Таллин принимал все более суровый облик. Он выставил на линию огня рабочий полк, истребительные батальоны. По улицам шагали новобранцы. Им не хватало оружия, гранат, боеприпасов. И, пожалуй, больше всего не хватало умения, выучки, боевого мастерства. И тем ценнее в начальную пору войны был опыт настоящих мастеров вроде Петра Бринько.

К сожалению, о другом таком же летчике — капитане Барабанове — я тогда не смог написать. Журналистская сноровка не помогла, и Барабанов так и не заговорил, как я ни пытался его «расколоть». На мои вопросы он отвечал так скупо, что при всем старании я не мог бы из этих ответов ничего выжать.

Когда я разговаривал с Бринько или Барабановым, мне казалось, что материалом для военного корреспондента может быть только рассказ, причем рассказ определенного [41] свойства: о совершенном геройстве. Мы жаждали этих рассказов и готовы были в любое время дня и ночи мчаться туда, где их можно было услышать и записать.

Теперь я понимаю, что материалом не меньшим, а, может быть, и большим было хмурое молчание капитана Барабанова. И сейчас я хочу рассказать о его мастерстве, его судьбе и его выносливости, запечатленных моей памятью.

О капитане Барабанове тогда все знали в Таллине. Хотя война только началась, он уже был знаменитым летчиком-штурмовиком, вылетавшим на своем бронированном «Иле» по нескольку раз в день. У него была редкая специальность — наносить удары по так называемым точечным объектам — танкам, артиллерийским батареям, машинам с мотопехотой, по самолетам противника на аэродромах.

Все строилось на внезапности. Требовались острый глаз, предельная собранность, чтобы буквально в считанные секунды появиться из-за леса на самой малой высоте, ударить по танкам из знаменитых «эресов» и так же быстро исчезнуть. Но не всегда это удавалось. Иной раз приходилось прорываться сквозь густую завесу заградительного огня. Самолет трясло от близких разрывов снарядов, осколки били по броне. Но похоже, ничего этого не замечал Барабанов, его заботило одно: точно выйти на цель и в нужный момент нажать на гашетки.

Отменная техника пилотирования, быстрота реакции в сочетании с огромной волей — вот что решало успех каждого полета.

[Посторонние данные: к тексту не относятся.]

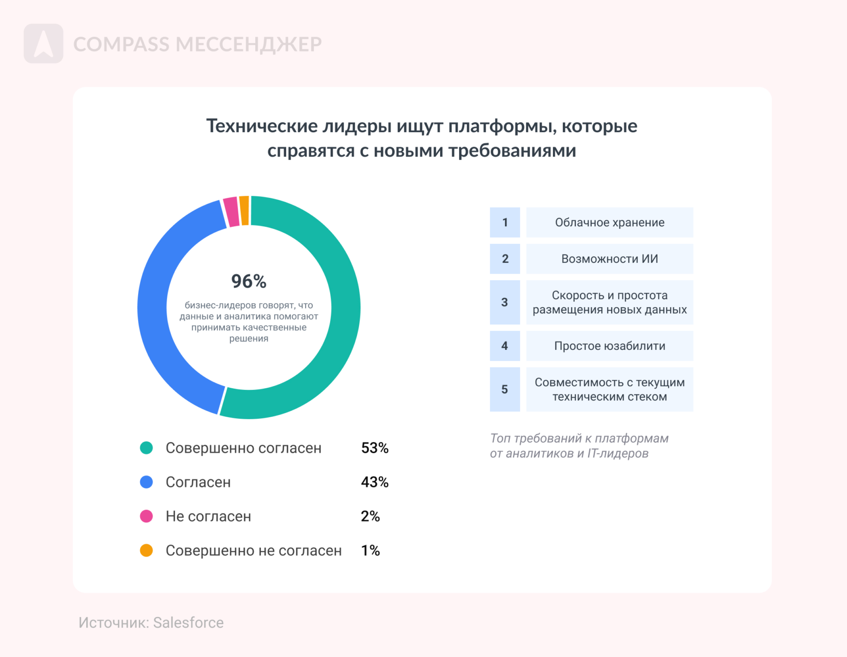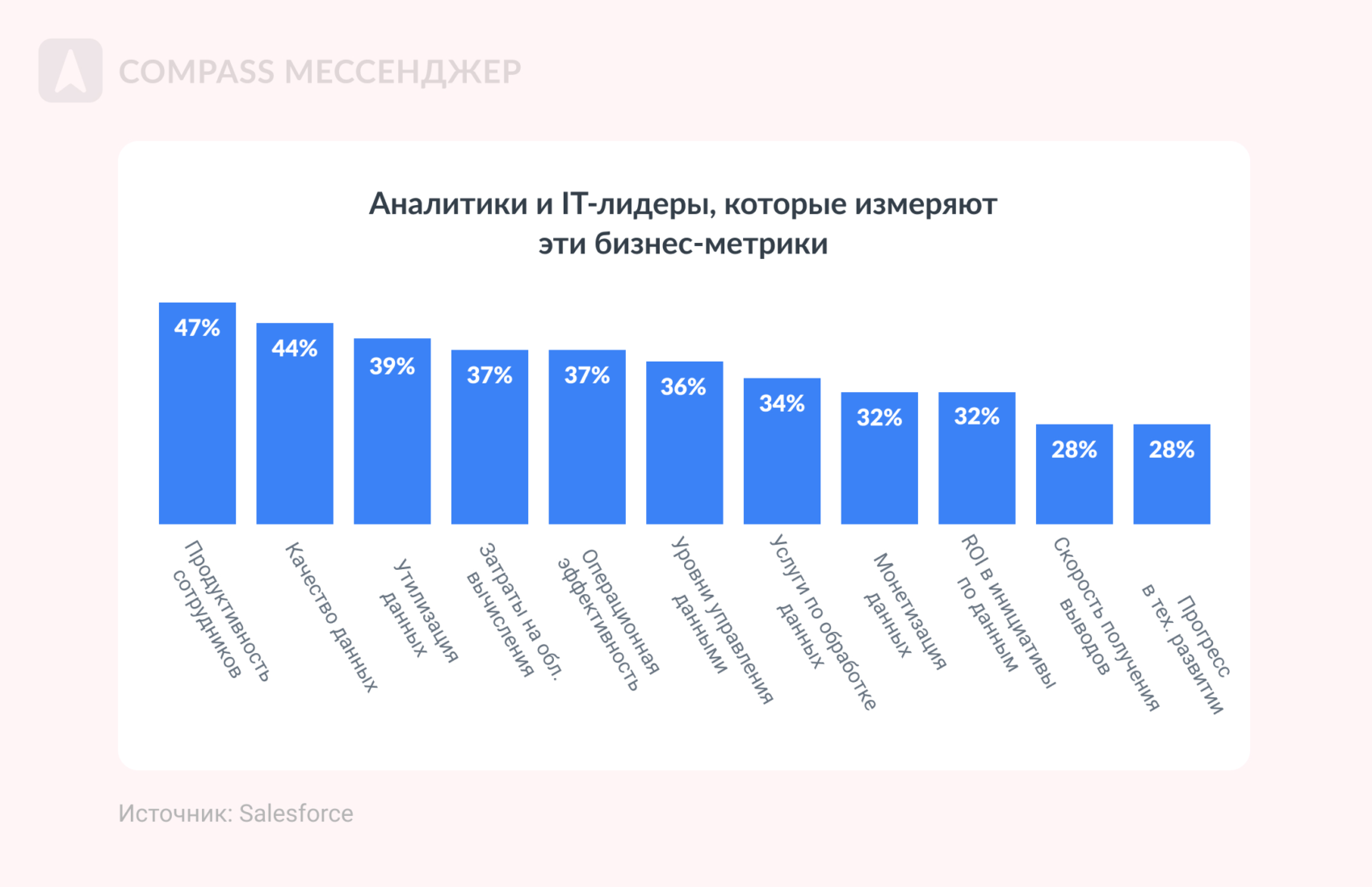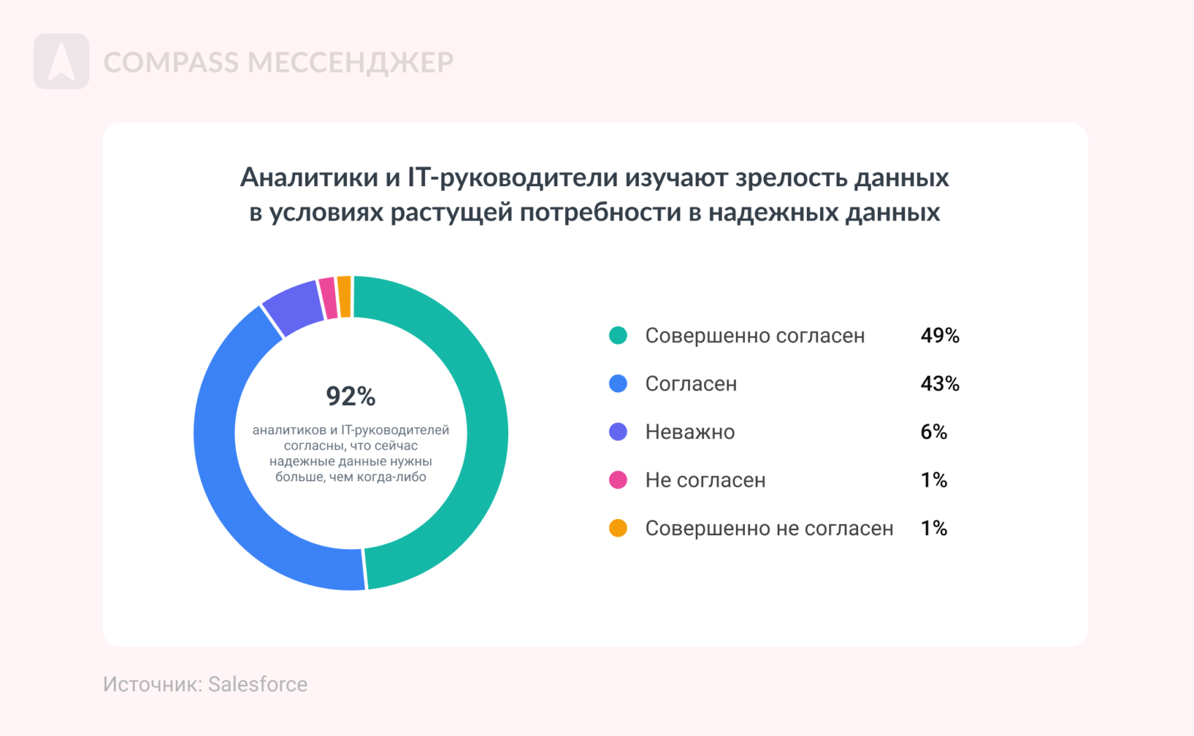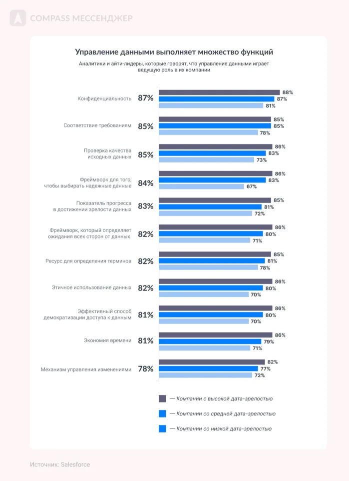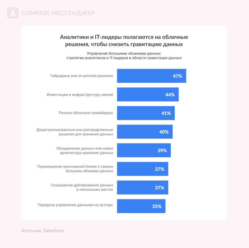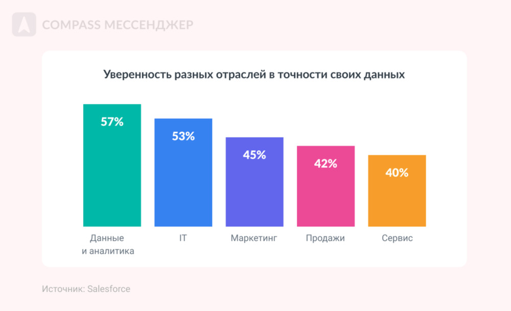 Wendy Batchelder, Chief Data Officer в Salesforce Но дело не только в надежности данных: есть и другие проблемы, которые тормозят компании. Рассказываем о них ниже. ИТ-инфраструктура компаний не готова к ИИ Базы данных компаний и их техническая структура пока не готовы к искусственному интеллекту. Внутри инфраструктуры пока мало инструментов, которые легко синхронизируются с ИИ: просто потому что ИИ — штука новая, а когда инфраструктура создавалась, у нее не было задачи работать с искусственным интеллектом. Нет единой системы данных Если у вас до сих пор вся инфа хранится в десятках таблицах, документах и приложениях, есть повод задуматься о какой-то единой платформе или продуманной системе хранения. Без организованной системы данных ИИ не даст результат. Неточность данных Искусственный интеллект ограничивается данными компании и открытых источников, поэтому может не давать полной картины или использовать ненадежную информацию. Меньше всего в точности данных уверены отделы продаж и сервис, больше всего — подразделения аналитики. Этические вопросы Во-первых, ИИ не всегда принимает решения исходя из ценности человеческой жизни, хотя иногда ее можно задавать, как условие. Во-вторых, ИИ работает на основе данных из интернета, а там полно неэтичных стереотипов. Например, по запросу «доктор» чаще выпадают мужчины, «учитель» — женщина, «женщина» — домохозяйка и прочее. Получается, ИИ заранее необъективен, потому что работает на основе данных из интернета, а в них есть и стереотипы, и пристрастия. Это называется AI bias — пристрастность ИИ. Нет системного сбора данных и дата-стратегии 41% лидеров говорят, что их дата-стратегия только частично согласована с целями или не согласована вовсе. Это значит, что нет связной аналитики данных о пользователе и рынке. А без этого внедрить ИИ сложно: ему просто будет нечего анализировать. Только 32% руководителей и аналитиков измеряют и изучают ценность монетизации данных. Угрозы безопасности 78% аналитиков, руководителей и айти-лидеров говорят, что им трудно добиваться бизнес-целей из-за проблем с данными: в том числе с их безопасностью. Во-первых, уже появляются прецеденты, где ИИ как бы незаконно анализирует материалы книг, например. Хотя авторы на это согласия не давали. Во-вторых, нет ясности: что будет с загруженным в ИИ данными. Непонятно, станут ли они частью знаний ИИ или нет. А там может быть конфиденциальная инфа и о пользователях, и о компании. Получается конфликт: можно внедрить ИИ и добиваться целей с его помощью, но это угрожает безопасности компании и пользователей. Совет № 1: Инвестируйте в проверенную инфу для ИИ, чтобы получать достоверные выводы на выходе 79% аналитиков и руководителей планируют инвестировать в визуализации данных и ИИ, 75% — в обучение и и развитие искусственного интеллекта с помощью проверенных данных. Чтобы получать проверенную инфу для загрузки в ИИ, вкладывайте в аналитику: на аутсорсе или инхаус. Совет № 2: Меняйте подход к управлению информацией, чтобы снизить гравитацию данных Выше мы уже писали, что без единой системы данных сложно внедрить ИИ. Поэтому руководители организуют информацию так, чтобы ее было проще использовать, а не только хранить. Например, 85% аналитиков и айти-руководителей управляют данными, чтобы контролировать и подтверждать качество информации. Если этого н

Это была каждодневная игра со смертью. Может, поэтому капитан Барабанов был не словоохотлив, на беседы с журналистами у него просто не хватало сил...

Он вскоре погиб, но и по сей день живет в моей памяти этот хотя и молодой годами, но казавшийся зрелым человек в летном шлеме с очками, блестевшими на солнце, нехотя протянувший мне руку и с хмурой снисходительностью выслушавший мою восторженную речь.

Сейчас, когда я смотрю на его портрет, я отчетливо вижу его простое суровое лицо с задумчивыми глазами. Но вместе с тем это лицо, мне кажется, излучает тепло и обаяние. Может быть, это наши воспоминания, проходящие сквозь призму времени, окутываются романтической дымкой — не знаю. Но только не одно лицо летчика Барабанова кажется мне сегодня излучающим тепло и обаяние.

Такими привлекательными, дорогими кажутся мне лица [42] моих погибших собратьев по перу, хотя далеко не все они были такими при жизни. Видимо, это свечение — эффект времени. Но как бы то ни было, у Барабанова было прекрасное, хотя и хмурое, напряженное лицо...

В ту единственную нашу встречу, прищурив глаза, он смотрел куда-то в сторону, хмыкал, отнекивался, кивая головой.

— Трудно штурмовать точечные цели?

— Не легко.

— Сколько вылетов в день вы совершаете?

— Когда как...

— Можете ли вы увидеть результаты своей работы?

— Не всегда.

— Сколько на вашем счету уничтоженных танков и немецких орудий?

— Не знаю, не считал.

— Чувствуете ли вы страх, когда идете на штурмовку, а навстречу бьют зенитки?

— Бывает и страшно.

— Какие у вас ощущения во время полета?

— «Долбануть» и побыстрее смыться.

Кроме приведенного диалога, к сожалению, в моем блокноте не осталось никаких записей об этом поистине легендарном герое и человеке.

Второпях я даже не записал его имя и отчество. И вот впоследствии я уподобился следопытам и начал поиски дополнительных сведений. Благо, как говорится, свет не без добрых людей. Оказывается, в Москве проживает бывший балтийский летчик-штурмовик, подполковник в отставке Алексей Михайлович Батиевский. Он пишет историю боевых действий штурмовиков на Балтике. И с его слов я могу дополнительно сообщить, что Кузьма Николаевич Барабанов 1907 года рождения, командир эскадрильи 57-го штурмового полка успешно действовал, нанося удары по мотомеханизированным войскам противника в районе озера Самро. На его счету десятки уничтоженных танков и машин с пехотой, за что он был награжден орденом Красного Знамени. Но наступил роковой день — 13 августа 1941 года, когда он вылетел на боевое задание, был атакован и сбит вражескими истребителями. В день своей гибели он был награжден вторым орденом — орденом Ленина... [43]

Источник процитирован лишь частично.